### Task instructions
With the pictures left out, every record must be reproduced exactly.
>>>>>
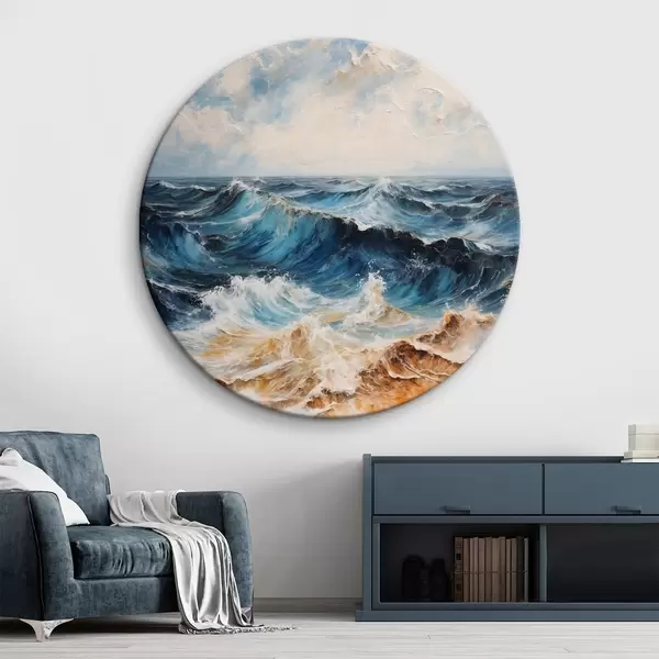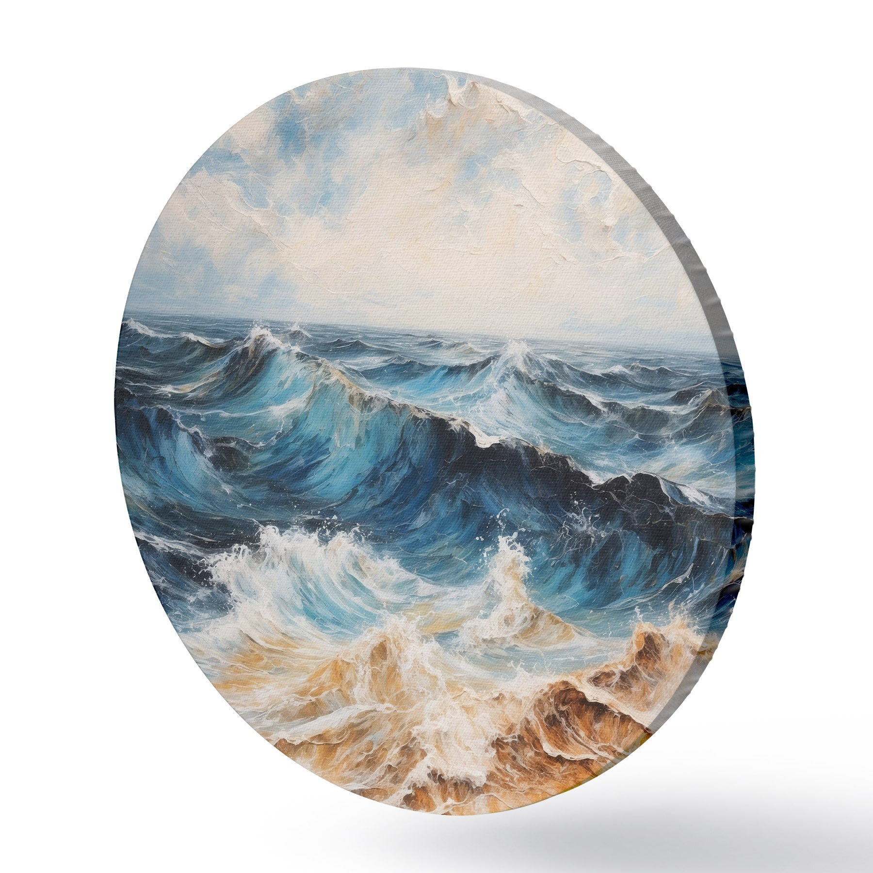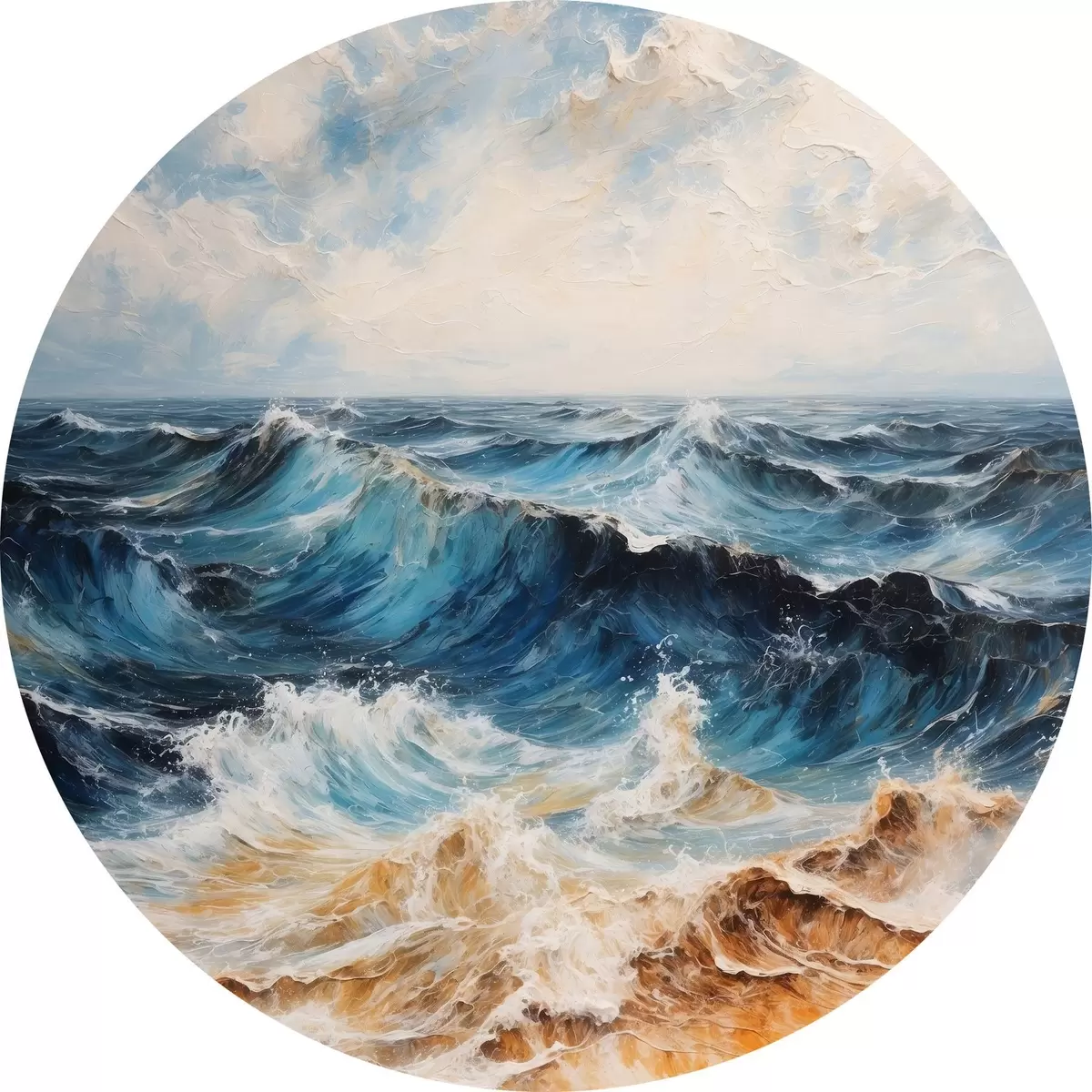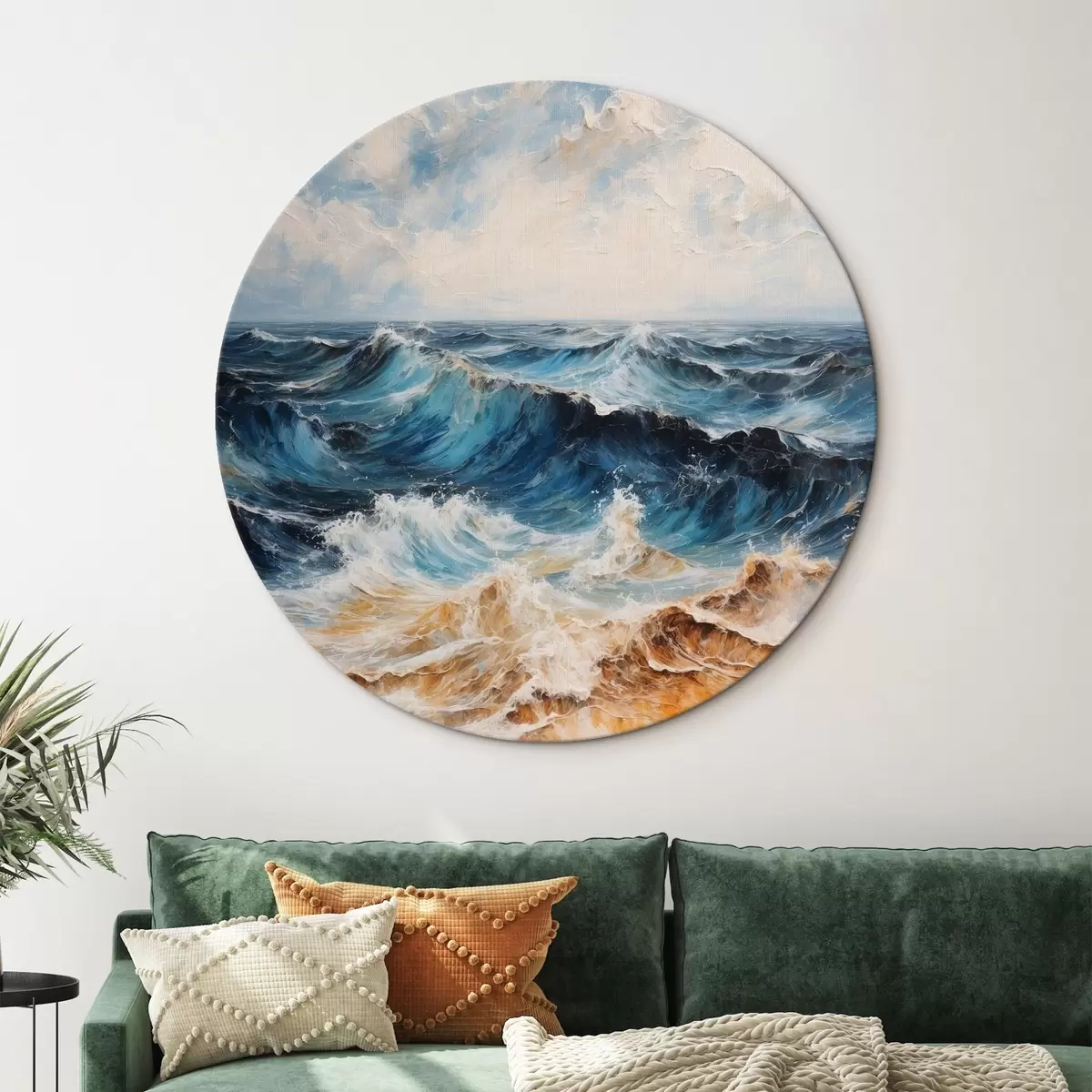 Quadri rotondi Mare agitato con onde sotto un cielo limpido r44881
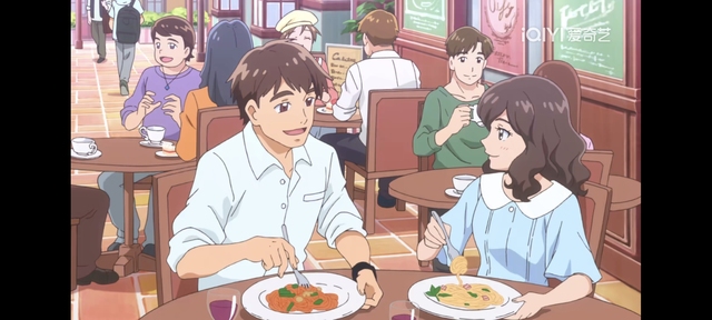 场景一转,变成了那个女孩吃饭团的场景
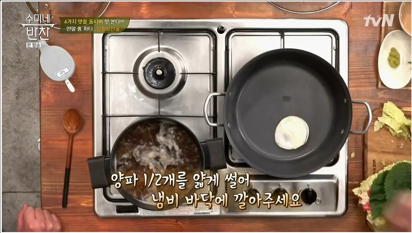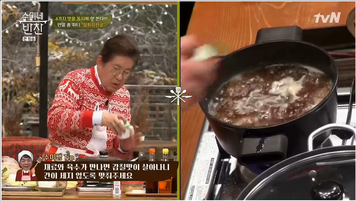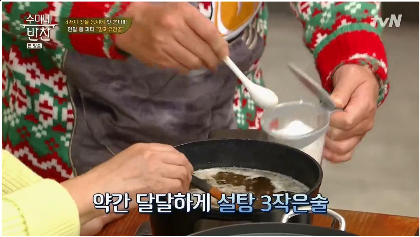 수미네 반찬에서는 밀푀유나베 레시피의 양념재료로 다진 마늘 1큰술, 후춧가루 약간, 양조간장 2큰술, 설탕 1큰술을 사용한다. 그러면서 간이 부족한 경우에는 소금으로 간을 더하면 된다. 그리고 필자의 경우 이 양념종류와 더불어 새우젓 1큰술을 더하고 설탕은 빼는 편을 더 좋아한다. 기본적으로 설탕이 주는 감칠맛은 무시할 수 없지만 기본적으로 짠맛을 베이스로 하며 고기에서, 그리고 양파와 간장에서 충분한 단맛과 감칠맛이 우러나오니 설탕을 빼도 맛에는 큰 차이가 없다. 오히려 새우젓이 주는 풍미가 고기의 감칠맛과 더욱 잘어울린다.
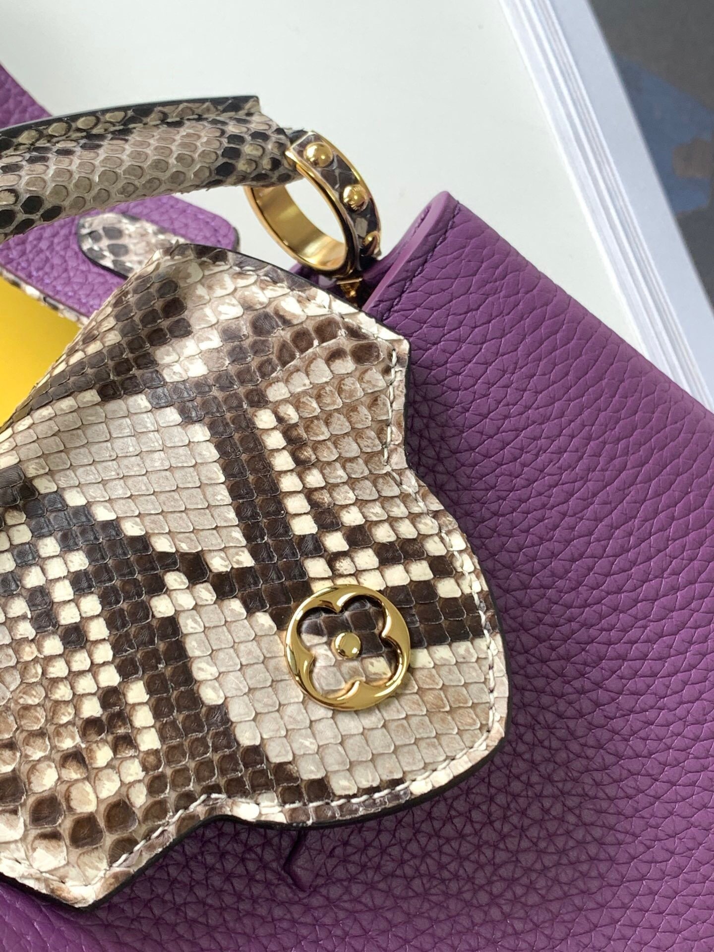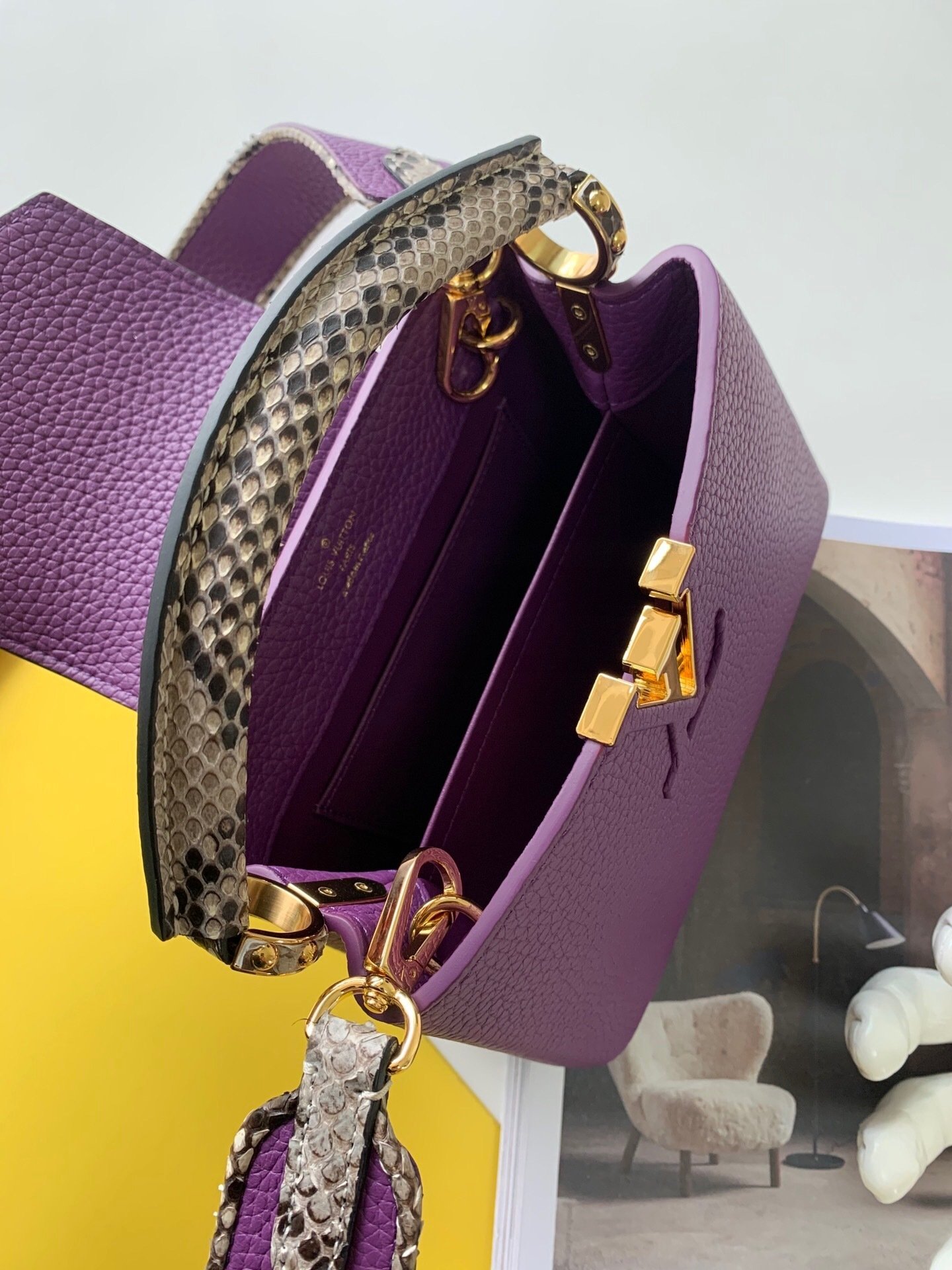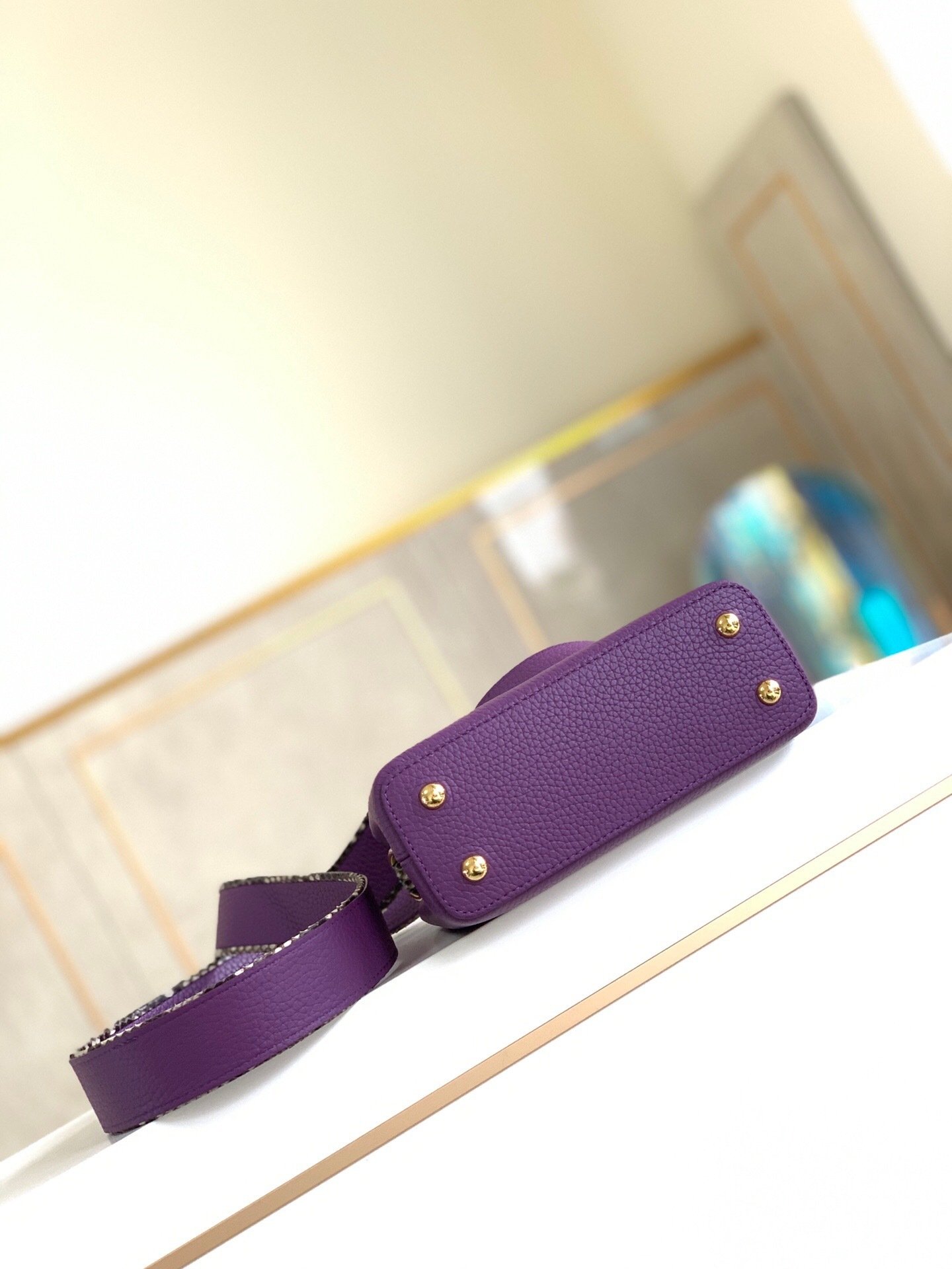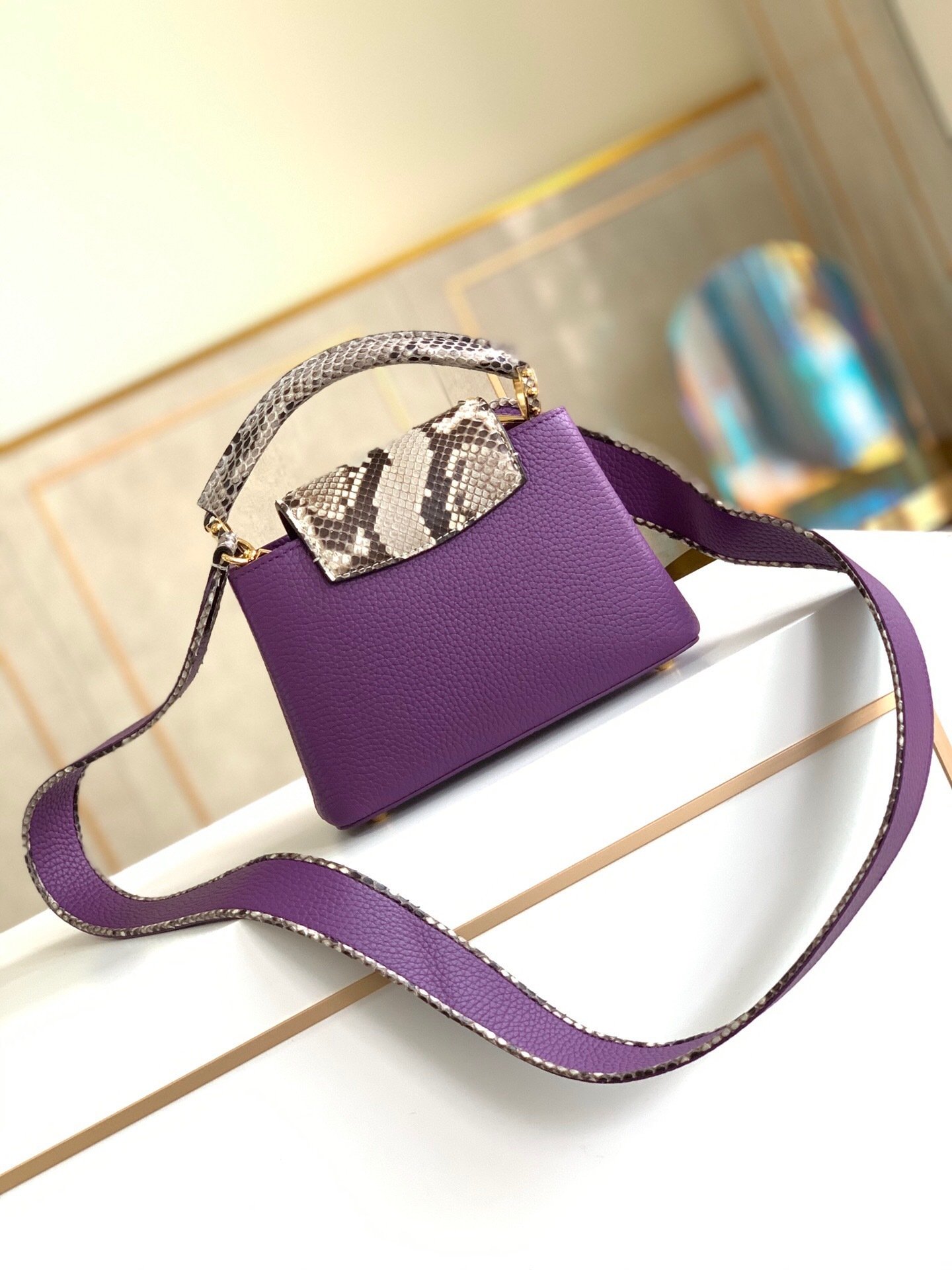 Elevate your daily style with this luxurious purple mini handbag, crafted for modern women who love elegance with a bold touch. The bag features a textured snake-pattern top handle that adds character and high-fashion appeal, while the spacious interior keeps your essentials organized throughout the day. Its smooth finish, fine stitching, and premium gold-tone hardware create a timeless look that suits both casual and formal outfits.
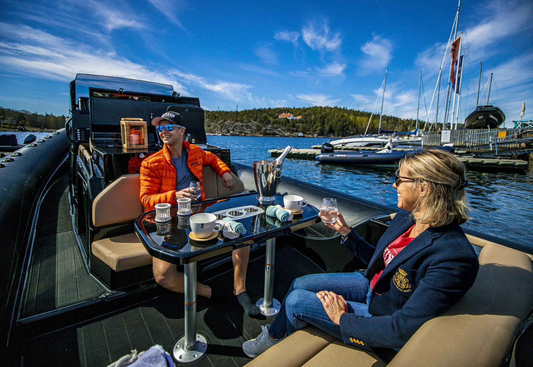 Så, er fremtiden her? Speiler dette litt av fremtidens båt? Både for hytter og hus ved sjøen? RIB er inn. Lett å bruke, trygg og solid. Kle deg skikkelig, og gi gass for å besøke andre venner og andre steder. Overnatt i båten dere to, eventuelt med et par mindre barn. Be med et vennepar eller to og ta en natt på hotell. Eller dra på solskinnstur med hele familien.
<<<<<
### Result for this exercise
 Quadri rotondi Mare agitato con onde sotto un cielo limpido r44881
 场景一转,变成了那个女孩吃饭团的场景
 수미네 반찬에서는 밀푀유나베 레시피의 양념재료로 다진 마늘 1큰술, 후춧가루 약간, 양조간장 2큰술, 설탕 1큰술을 사용한다. 그러면서 간이 부족한 경우에는 소금으로 간을 더하면 된다. 그리고 필자의 경우 이 양념종류와 더불어 새우젓 1큰술을 더하고 설탕은 빼는 편을 더 좋아한다. 기본적으로 설탕이 주는 감칠맛은 무시할 수 없지만 기본적으로 짠맛을 베이스로 하며 고기에서, 그리고 양파와 간장에서 충분한 단맛과 감칠맛이 우러나오니 설탕을 빼도 맛에는 큰 차이가 없다. 오히려 새우젓이 주는 풍미가 고기의 감칠맛과 더욱 잘어울린다.
 Elevate your daily style with this luxurious purple mini handbag, crafted for modern women who love elegance with a bold touch. The bag features a textured snake-pattern top handle that adds character and high-fashion appeal, while the spacious interior keeps your essentials organized throughout the day. Its smooth finish, fine stitching, and premium gold-tone hardware create a timeless look that suits both casual and formal outfits.
 Så, er fremtiden her? Speiler dette litt av fremtidens båt? Både for hytter og hus ved sjøen? RIB er inn. Lett å bruke, trygg og solid. Kle deg skikkelig, og gi gass for å besøke andre venner og andre steder. Overnatt i båten dere to, eventuelt med et par mindre barn. Be med et vennepar eller to og ta en natt på hotell. Eller dra på solskinnstur med hele familien.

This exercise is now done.